This Amendment No. 1 (“Amendment No. 1”) amends the Schedule 13D originally filed with the U.S. Securities and Exchange Commission (the “Commission”) on August 3, 2017 (as amended, the “Statement”), and is filed by the Reporting Persons with respect to the common stock, $0.0001 par value per share (“Shares”), of NextDecade Corporation (the “Issuer”). Capitalized terms used herein but not defined shall have the meaning given to them in the Statement.
Item 4. | Purpose of Transaction. |
Item 4 is amended and supplemented as follows:
As disclosed on the Issuer’s Current Report filed with the Commission on September 8, 2017, the Issuer received notice from the Staff of the Listing Qualifications Department of Nasdaq indicating that the Issuer was not in compliance with Nasdaq Listing Rules 5550(a)(3) and 5515(a)(4), requiring a minimum number of round lot holders for the Issuer’s Shares and warrants, respectively. On October 16, 2017, as part of the Issuer’s plan to regain compliance with Nasdaq Listing Rules, the Issuer released one percent (1%) of the Shares held by the certain of the Reporting Persons from certain restrictions contained in the lock-up agreements executed in connection with the Merger, as further described in Item 6 of this Amendment No. 1. As disclosed by the Issuer, the Issuer may release up to a total of five percent (5%) of the Shares held by the Reporting Persons from such lock-up agreement restrictions. The Reporting Persons anticipate selling the number of Shares that the Issuer releases from such lock-up agreement restrictions, for the sole purpose of assisting the Issuer in its plan to regain compliance with Nasdaq Listing Rules.
On October 11, 2017, the Issuer filed with the Commission a prospectus for the registered sale of certain of its securities by the selling stockholders named in the Registration prospectus, including up to 9,434,930 Shares that may be sold directly or indirectly by the Reporting Persons.

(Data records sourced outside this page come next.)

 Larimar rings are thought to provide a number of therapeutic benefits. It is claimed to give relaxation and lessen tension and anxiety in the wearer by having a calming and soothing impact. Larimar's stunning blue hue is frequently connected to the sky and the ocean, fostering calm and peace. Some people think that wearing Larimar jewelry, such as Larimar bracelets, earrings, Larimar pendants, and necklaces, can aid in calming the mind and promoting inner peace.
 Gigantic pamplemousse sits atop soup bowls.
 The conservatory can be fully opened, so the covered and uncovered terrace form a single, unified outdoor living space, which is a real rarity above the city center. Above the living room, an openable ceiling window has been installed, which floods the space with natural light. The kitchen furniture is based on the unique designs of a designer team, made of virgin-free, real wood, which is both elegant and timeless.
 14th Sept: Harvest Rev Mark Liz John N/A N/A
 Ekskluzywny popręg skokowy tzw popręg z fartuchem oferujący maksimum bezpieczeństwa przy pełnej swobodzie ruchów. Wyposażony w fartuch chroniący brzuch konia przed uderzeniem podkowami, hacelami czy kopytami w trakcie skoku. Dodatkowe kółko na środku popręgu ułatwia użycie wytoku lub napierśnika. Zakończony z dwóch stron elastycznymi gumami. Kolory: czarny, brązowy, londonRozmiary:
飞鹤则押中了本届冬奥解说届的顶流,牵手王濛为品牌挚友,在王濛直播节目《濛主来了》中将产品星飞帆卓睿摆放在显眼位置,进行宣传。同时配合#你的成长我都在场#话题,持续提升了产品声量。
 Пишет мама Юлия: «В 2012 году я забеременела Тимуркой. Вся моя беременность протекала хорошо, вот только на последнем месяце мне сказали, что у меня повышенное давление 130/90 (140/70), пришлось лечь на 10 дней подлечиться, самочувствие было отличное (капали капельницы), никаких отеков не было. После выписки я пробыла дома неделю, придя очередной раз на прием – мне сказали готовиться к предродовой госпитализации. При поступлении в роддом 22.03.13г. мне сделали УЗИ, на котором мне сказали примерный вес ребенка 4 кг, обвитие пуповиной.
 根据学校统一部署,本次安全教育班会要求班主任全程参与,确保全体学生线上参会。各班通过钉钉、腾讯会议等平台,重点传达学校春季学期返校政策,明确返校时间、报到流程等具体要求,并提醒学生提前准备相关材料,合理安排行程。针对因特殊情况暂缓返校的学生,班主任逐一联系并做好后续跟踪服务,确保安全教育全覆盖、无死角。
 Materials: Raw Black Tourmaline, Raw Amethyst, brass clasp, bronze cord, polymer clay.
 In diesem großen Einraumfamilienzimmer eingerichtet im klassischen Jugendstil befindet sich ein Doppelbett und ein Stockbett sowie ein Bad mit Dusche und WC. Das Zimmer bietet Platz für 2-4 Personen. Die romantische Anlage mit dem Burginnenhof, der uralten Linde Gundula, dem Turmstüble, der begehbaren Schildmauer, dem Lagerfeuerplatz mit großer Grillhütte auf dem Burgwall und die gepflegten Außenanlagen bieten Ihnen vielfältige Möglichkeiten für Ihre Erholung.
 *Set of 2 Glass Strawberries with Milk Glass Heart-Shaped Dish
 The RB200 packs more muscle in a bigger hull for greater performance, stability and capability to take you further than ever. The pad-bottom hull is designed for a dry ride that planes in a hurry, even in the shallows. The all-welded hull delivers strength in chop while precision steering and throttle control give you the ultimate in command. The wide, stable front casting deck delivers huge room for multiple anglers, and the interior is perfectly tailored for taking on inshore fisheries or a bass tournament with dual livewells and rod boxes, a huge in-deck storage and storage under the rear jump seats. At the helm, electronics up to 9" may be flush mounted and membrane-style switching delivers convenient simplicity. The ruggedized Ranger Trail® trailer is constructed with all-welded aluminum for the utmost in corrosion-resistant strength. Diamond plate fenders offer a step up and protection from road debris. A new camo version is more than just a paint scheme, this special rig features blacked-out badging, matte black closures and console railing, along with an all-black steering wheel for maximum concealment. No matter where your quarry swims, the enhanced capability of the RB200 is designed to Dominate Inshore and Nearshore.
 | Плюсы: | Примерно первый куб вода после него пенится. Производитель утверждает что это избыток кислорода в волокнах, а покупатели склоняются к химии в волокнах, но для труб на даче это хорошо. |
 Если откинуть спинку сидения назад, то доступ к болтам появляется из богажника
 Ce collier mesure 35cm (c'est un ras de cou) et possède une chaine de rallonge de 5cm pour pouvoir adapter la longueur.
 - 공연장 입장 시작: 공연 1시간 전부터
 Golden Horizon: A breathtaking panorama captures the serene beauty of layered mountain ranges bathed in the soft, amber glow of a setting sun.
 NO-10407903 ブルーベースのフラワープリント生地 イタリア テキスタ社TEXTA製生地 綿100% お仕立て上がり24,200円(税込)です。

Item 5. | Interests in the Securities of the Issuer. |
Item 5 is amended and restated as follows:
The responses set forth on rows 7 through 13 of the cover pages of this Statement, as of the date hereof, are incorporated by reference in this Item 5.
(a) and (b) The following responses are based on 106,274,527 Shares issued and outstanding of the Issuer (“Outstanding Shares”) as of October 10, 2017, as reported in the Issuer’s prospectus filed with the Commission on October 11, 2017, or, where so indicated, 106,382,027 Shares (“Outstanding Shares Including Warrants”), which amount includes 107,500 warrants that are currently exercisable at an exercise price of $11.50 per Share (“Warrants”).
As of the date hereof, the Reporting Persons beneficially own, in the aggregate 9,434,530 Shares and 107,500 Warrants, which represent approximately 8.97% of the Outstanding Shares Including Warrants.
As of the date hereof, Mount Bonnell directly holds 2,649,914 Shares, which represents approximately 2.49% of the Outstanding Shares; HDML directly holds 636,745 Shares, which represents approximately 0.60% of the Outstanding Shares; HCN directly holds 4,075,530 Shares, which represents approximately 3.83% of the Outstanding Shares; HEPI directly holds 1,747,176 Shares, which represents approximately 1.64% of the Outstanding Shares; and Master Fund directly holds 325,165 Shares and 107,500 Warrants, which represent approximately 0.41% of the Outstanding Shares Including Warrants.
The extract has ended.